The minimum inhibitory concentrations (MIC) of the extract for the bacteria B. subtilis, S. aureus and fungus M. smegmatis were determined with values of 250, 250 and 125 µg/mL, respectively (Table 2). MIC values ≤ 500 µg/ml are considered strong inhibitors; MIC values from 600 to 1,500 µg/ml are considered moderate inhibitors; values 1,500 µg/ml are considered weak inhibitors (Aligiannis et al., 2001). The (E,E)-N-Isobutyl-2,4-octadienamide and (E,E)-N-Isobutyl-2,4-decadienamide amides showed strong antimicrobial activity against B. subtilis, S. aureus and M. smegmatis with value of 250 µg/mL for bacteria and 125 µg/mL for fungus, indicating that the amides are responsible for activity of butanolic extract from P. marginatum roots. A previous study revealed that essential oil from leaves of P. marginatum rich in phenylpropanoids showed antimicrobial activity against bacteria B. subtilis, S. aureus and fungus M. smegmatis with MIC values of 250, 2,500, 1,250 µg/mL, respectively (Ramos et al., 2022; De Oliveira, Silva & Ramos, 2022). The leaf extract showed activity against the bacteria S. aureus with a MIC of 1,250 µg/mL (Bezerra & Ramos, 2021).
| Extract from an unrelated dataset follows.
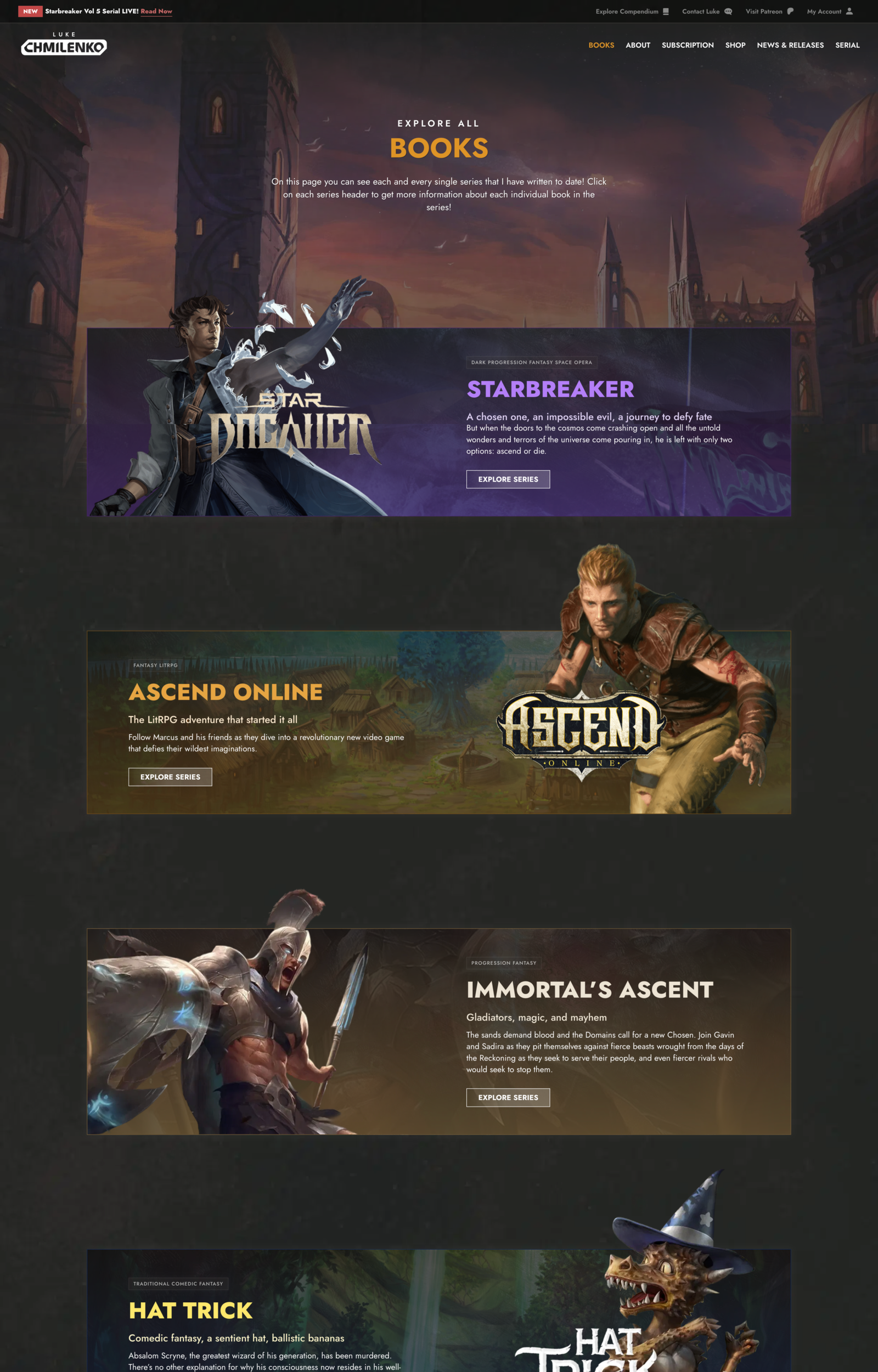 This required a set of functionality that would allow all of his series to be listed with detailed information, books, and how to buy, as well as marketed and presentable for new readers. It also needed to act as an initial landing pad for his baseline subscription service, where users could subscribe monthly to view serial-based content releases.

Antioxidant activity and total phenolic content

The results obtained in the determination of total phenolics were expressed in milligrams equivalent of gallic acid per gram of extract (mg GAE/g, Table 3).

The crude root extract exhibited a total phenolic content of 42.7 ± 1.10 mg GAE/g, indicating that in addition to amides, the root extract also accumulates phenolic compounds in moderate amounts. The butanolic extract from P. marginatum roots showed the highest activity with an EC₅₀ = 47.3 ± 0.80 µg/mL. ABTS^⋅+ radical scavenging activity of roots was associated with the phenolic content, considering that EC₅₀ = for the 383.0 ± 5.19 and 340.4 ± 4.81 µg/mL, respectively, considering that values approaching 500 µg/mL do not exhibit good scavenging capacity. To our knowledge, this is the first report of the antioxidant activity for the extract and their major constituents from the roots of P. marginatum. Previous studies with essential oil of P. marginatum showed significant antioxidant activity with a DPPH IC₅₀ value between 1,200 and 1,500 µg/ml while the control ascorbic acid showed a DPPH IC₅₀ value of 1,000 µg/ml (Brú & Guzman, 2016). Essential oil from the roots of P. marginatum exhibited antioxidant activity with a DPPH IC₅₀ value of 75,300 µg /L while the Ginkgo biloba used as reference exhibited a DPPH IC₅₀ value of 46.9 mg/L (Bay-Hurtado et al., 2016). Piper umbellata has been reported to be a potent antioxidant attributed to its major constituent, 4-nerolidylcatechol (Cordeiro et al., 2013). The total phenolic concentration of the extract from the leaves of P. umbellata was of 148 mg GAE/g while antioxidant activity exhibited an EC₅₀ of 120.1 µg/mL based on ABTS (Ramos et al., 2012).